**RECORDS FOR THE EXERCISE**:
=== Section Start ===
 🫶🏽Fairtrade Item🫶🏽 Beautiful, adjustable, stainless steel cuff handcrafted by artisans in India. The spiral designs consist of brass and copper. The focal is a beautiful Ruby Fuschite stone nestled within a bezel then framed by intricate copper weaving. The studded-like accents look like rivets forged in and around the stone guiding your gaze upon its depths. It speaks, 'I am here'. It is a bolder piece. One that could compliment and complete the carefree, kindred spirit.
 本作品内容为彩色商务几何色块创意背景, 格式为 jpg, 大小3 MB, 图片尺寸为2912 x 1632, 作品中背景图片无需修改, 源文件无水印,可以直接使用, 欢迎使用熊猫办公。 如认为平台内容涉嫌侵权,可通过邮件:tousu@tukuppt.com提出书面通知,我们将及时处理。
=== Section End ===
=== Section Start ===
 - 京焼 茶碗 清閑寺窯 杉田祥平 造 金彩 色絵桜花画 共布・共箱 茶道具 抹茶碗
=== Section End ===
=== Section Start ===
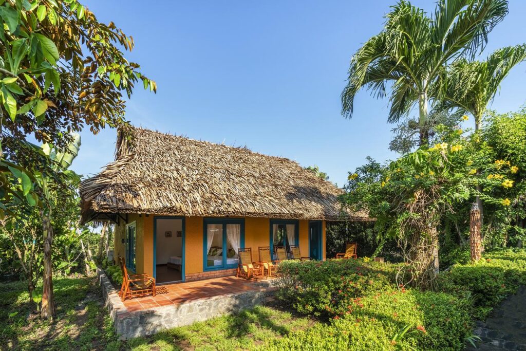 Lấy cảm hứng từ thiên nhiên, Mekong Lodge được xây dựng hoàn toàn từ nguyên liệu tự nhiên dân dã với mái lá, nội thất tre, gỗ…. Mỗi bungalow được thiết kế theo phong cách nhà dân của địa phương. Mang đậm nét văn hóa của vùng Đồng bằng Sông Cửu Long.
=== Section End ===
**THE PROBLEM**: Please copy, exactly and with nothing else, the lines above beginning at the line that has "carefree, kindred spirit." and ending with the line that has "本作品内容为彩色商务几何色块创意背景, 格式为 jpg, 大小3".

**ANSWER FOR THIS EXERCISE**:
 🫶🏽Fairtrade Item🫶🏽 Beautiful, adjustable, stainless steel cuff handcrafted by artisans in India. The spiral designs consist of brass and copper. The focal is a beautiful Ruby Fuschite stone nestled within a bezel then framed by intricate copper weaving. The studded-like accents look like rivets forged in and around the stone guiding your gaze upon its depths. It speaks, 'I am here'. It is a bolder piece. One that could compliment and complete the carefree, kindred spirit.
 本作品内容为彩色商务几何色块创意背景, 格式为 jpg, 大小3 MB, 图片尺寸为2912 x 1632, 作品中背景图片无需修改, 源文件无水印,可以直接使用, 欢迎使用熊猫办公。 如认为平台内容涉嫌侵权,可通过邮件:tousu@tukuppt.com提出书面通知,我们将及时处理。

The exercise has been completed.